Yes, W.H. Auden Can Change Your Life

Auden
Auden gets the how-to treatment in a new appreciation Getty Images

The title is terrible. That was my first thought before opening What Auden Can Do For You, the short new appreciation of the great English poet by the popular Scottish novelist Alexander McCall Smith. It seemed transactional, reeking of literature-as-self-help books of the How Proust Can Change Your Life variety. But maybe that isn’t fair: Maybe all poetry is supposed to do something for us. Hesiod’s Works and Days is farming advice of the mundane variety — “on the eighth of the month, it is time to geld the boar” — which was probably pretty useful in ancient Greece. Even in the abstract, poetry can have utility, with Robert Frost famously calling it a “momentary stay against confusion.” In that light, maybe it’s not unfair to blatantly ask what use we can wring out of Auden.

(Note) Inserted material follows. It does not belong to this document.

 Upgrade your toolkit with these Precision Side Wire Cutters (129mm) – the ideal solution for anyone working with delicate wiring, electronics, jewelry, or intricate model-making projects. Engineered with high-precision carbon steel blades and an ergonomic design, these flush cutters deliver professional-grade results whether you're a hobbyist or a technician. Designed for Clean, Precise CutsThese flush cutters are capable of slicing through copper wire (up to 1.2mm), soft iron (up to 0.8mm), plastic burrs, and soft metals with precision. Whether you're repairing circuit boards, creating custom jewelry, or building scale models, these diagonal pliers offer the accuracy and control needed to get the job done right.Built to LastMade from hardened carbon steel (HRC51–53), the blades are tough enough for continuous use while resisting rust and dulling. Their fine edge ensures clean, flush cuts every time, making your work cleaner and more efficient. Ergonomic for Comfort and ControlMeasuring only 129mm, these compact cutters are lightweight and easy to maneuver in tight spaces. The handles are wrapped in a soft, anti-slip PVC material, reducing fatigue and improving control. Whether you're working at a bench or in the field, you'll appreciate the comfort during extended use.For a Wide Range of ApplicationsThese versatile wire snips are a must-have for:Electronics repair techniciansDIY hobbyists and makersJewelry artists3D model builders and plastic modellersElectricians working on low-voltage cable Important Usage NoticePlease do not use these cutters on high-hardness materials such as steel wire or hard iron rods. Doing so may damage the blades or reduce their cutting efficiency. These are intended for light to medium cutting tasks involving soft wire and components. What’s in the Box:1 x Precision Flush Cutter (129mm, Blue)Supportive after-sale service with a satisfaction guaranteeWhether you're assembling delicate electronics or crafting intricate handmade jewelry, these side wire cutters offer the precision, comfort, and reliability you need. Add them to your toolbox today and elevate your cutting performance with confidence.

Well, old Wystan Hugh won’t teach you much about plowing fields, but he might have some insight into matters “of Eros and of dust,” to borrow from his most famous poem, “September 1, 1939.” That was the one forwarded arounded after 9/11, with its imagery — “unmentionable odour of death / Offends the September night” — suited almost perfectly to a lower Manhattan covered in human ash. That poem alone seemed to revive Auden’s popularity, however briefly.

Writing for Princeton University Press’s “Writers on Writers” series, McCall Smith makes the case that “in reading his poetry we see love illuminating the world” and that, further, “reading Auden in troubled circumstances gives his work a particular resonance.” McCall Smith — famous  for his No. 1 Ladies' Detective Agency novels — writes that he first started seriously reading Auden in Belfast in 1973, this constituting “the greatest literary discovery of my life.”

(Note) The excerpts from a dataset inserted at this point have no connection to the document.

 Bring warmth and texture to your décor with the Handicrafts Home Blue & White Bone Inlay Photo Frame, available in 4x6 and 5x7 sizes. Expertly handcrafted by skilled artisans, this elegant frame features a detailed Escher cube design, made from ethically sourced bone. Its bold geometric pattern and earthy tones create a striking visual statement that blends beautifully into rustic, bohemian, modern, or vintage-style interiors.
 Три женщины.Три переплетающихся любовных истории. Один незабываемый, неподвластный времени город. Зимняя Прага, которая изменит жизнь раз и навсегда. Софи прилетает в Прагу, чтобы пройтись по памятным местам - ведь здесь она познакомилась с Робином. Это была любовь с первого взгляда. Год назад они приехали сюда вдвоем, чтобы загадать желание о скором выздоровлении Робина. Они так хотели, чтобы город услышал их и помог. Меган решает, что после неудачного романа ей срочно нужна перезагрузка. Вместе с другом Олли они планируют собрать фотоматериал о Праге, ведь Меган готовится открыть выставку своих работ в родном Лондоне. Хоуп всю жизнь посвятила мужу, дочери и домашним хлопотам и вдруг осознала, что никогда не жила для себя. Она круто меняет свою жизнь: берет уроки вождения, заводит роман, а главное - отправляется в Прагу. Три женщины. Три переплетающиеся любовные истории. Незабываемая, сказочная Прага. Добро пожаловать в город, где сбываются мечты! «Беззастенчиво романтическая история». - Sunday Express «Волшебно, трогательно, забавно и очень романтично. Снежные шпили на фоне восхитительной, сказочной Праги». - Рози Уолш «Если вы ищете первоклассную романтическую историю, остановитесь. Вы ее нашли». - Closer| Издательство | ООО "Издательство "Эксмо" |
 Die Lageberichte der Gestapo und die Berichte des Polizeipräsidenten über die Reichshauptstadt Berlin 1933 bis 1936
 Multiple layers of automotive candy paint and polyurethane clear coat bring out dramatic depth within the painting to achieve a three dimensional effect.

Grandiloquent stuff, but it is only trying to rise to a poetry that was unabashedly catholic and authoritative. Today, poetry is small, in good part because we have been taught that authorial certainty is a form of despotism, that the meekness of write-what-you-know is more appropriate for our age where everyone has a valid point. Auden would have none of it; the poems I return to, at least, are the ones in which he seems to condense the whole of Western history into a line or two of confident verse: “We fall down in the dance, we make / The old ridiculous mistake.” Somehow that says far more than it ought to.

Maybe Auden spoke about the world because it was harder to speak about himself. Born in 1907, he lived his life as a “a homosexual who thought homosexuality wicked,” as the scholar Paul Fussell once noted. A trip to Spain in 1937, in the midst of the Spanish Civil War, particularly focused his mind on the rise of fascism. He would move to the United States two years later and, as McCall Smith notes, come to hear accusations that he abandoned England during her darkest hour. But if he is not terribly political, he is not terribly personal either. Verses like the impossibly tender “He was my North, my South, my East and West, / My working week and my Sunday rest” — made particularly famous by Four Weddings and a Funeral — are rare in his oeuvre.

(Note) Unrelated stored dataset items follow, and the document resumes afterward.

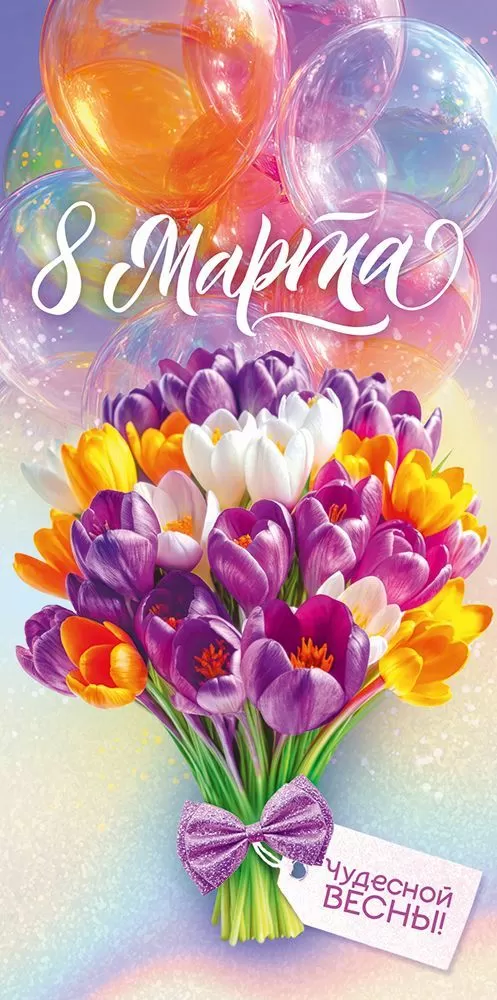 Поздравительный конверт для денег «8 Марта» выполнен в ярком весеннем дизайне. Фиолетово-оранжевые тюльпаны на изображении прекрасно сочетаются с перламутровыми шариками на сиреневом фоне в тех же цветах. Изделие выполнено из прочного материала, имеет высокое качество печати и дополнительные инкрустации в виде блесток в лаке, предупреждая их обсыпание или отслаивание – всё это делает данный конверт отличным памятным сувениром. Во внутренней части напечатаны пожелания в стихах, которые отлично дополнят вложенную в него денежную сумму, подарочный сертификат или билеты на концерт.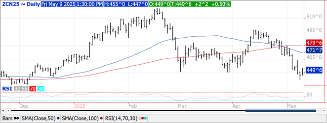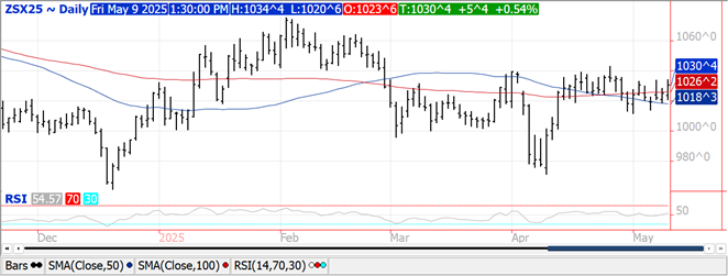 Prices were $.03-$.04 higher in choppy 2 sided trade.  Conab raised their Brazilian production forecast 1.7 mmt to 115.86 mmt, still below the USDA est. of 122 mmt however in line with expectations.  Still no updates from the BAGE.  Exports at 26 mil. bu. were at the low end of expectations.  Old crop commitments at 2.137 bil. still up 37% from YA vs. the USDA forecast up 29%.  Columbia, Japan and Mexico all bought 7-8 mil. bu. of old crop while nearly all of the new crop sales were to Mexico.  New crop commitments at 143 mil. bu. are a 5 year low.  Yields have been cut 4 times in the past 20 years, most recently last year when down 4 bpa.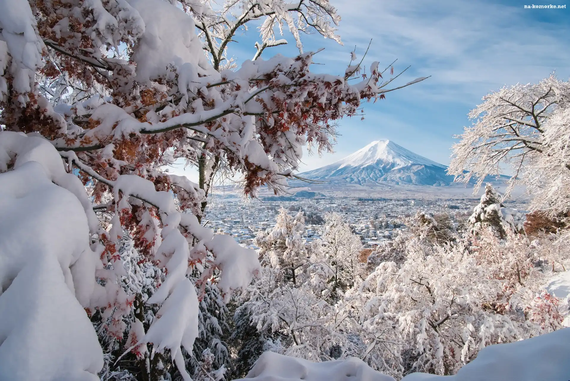 Góra, Drzewa, Zima, Japonia, Dolina, Fuji na Komórkę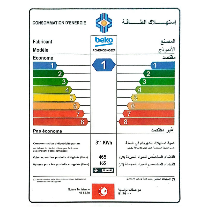 Système de Dégivrage : No Frost (Froid Ventilé) - Classe énergétique : 1 - Volume Brut Totale : 650 Litres - Volume Net Totale : 630 Litres (Réfrigérateur : 465 Litres , Congélateur : 165 Litres) - Consommation d'énergie annuelle : 311 KWh - INVERTER : Non - Eclairage LED - Nombre d'étoiles congélateur : ★★★★ - Capacité de la boîte à œufs : 6 - Congélation Rapide - 1x Bacs à légumes - Alarme de porte ouverte - Distributeur d'eau SlimTank - Capacité de congélation par jour : 10 kg - Niveau sonore : 37 dB - Poids : 99 kg - Dimensions (LxHXP) : 83.2 x 187.7 x 76.2 cm - Type de Gaz : R600a - Couleur : Silver - Garantie 3 ans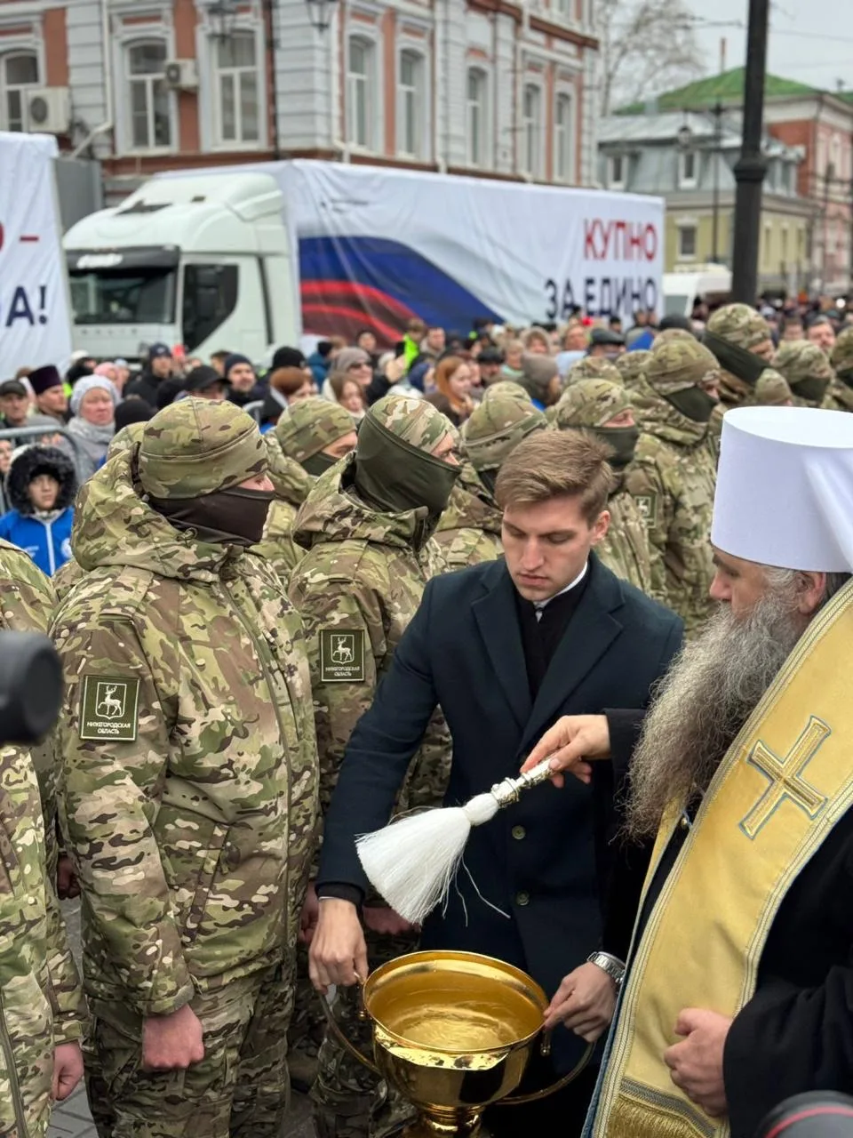 Каждому добровольцу лично пожал руку. Решительные и смелые люди, не боящиеся взглянуть смерти в лицо. В их честь на Ивановском съезде школьники развернули 100-метровое полотнище флага России. Митрополит, глава Духовного управления мусульман, руководитель еврейской общины благословили бойцов на подвиг.

Auden was, above all, a poet of culture. McCall Smith writes that Auden “shows us how a life embedded in a culture may find in that culture the things that sustain us and point us in the direction of good choices.” You can look at Auden’s work, then, as an argument for humanism, a cultural liberalism in which everyone must partake, if we are to avoid gassing and bombing each other into oblivion. His “In Memory of W.B. Yeats” yearns to “[t]each the free man how to praise.” This seems to have been the aim of every verse he wrote.

And if Auden was not political, he was only not overtly so, preferring allegory to, say, the embarrassing propaganda peddled by Pablo Neruda or, worse yet, the regressive romanticism of Ezra Pound. To understand suffering, for example, he heads to the Musée des Beaux Arts in Brussels, where he stands before Bruegel’s Landscape with the Fall of Icarus, amazed at “how everything turns away / Quite leisurely from the disaster.” That was written in 1938, when much of  Europe had turned away from a disaster from its own.

So maybe the name of this book is the most radical, insightful thing about it: the notion that Auden is, as McCall Smith writes, “a healer,” and that this is healing is collective. It’s not just what Auden can do for you alone, but for all of us.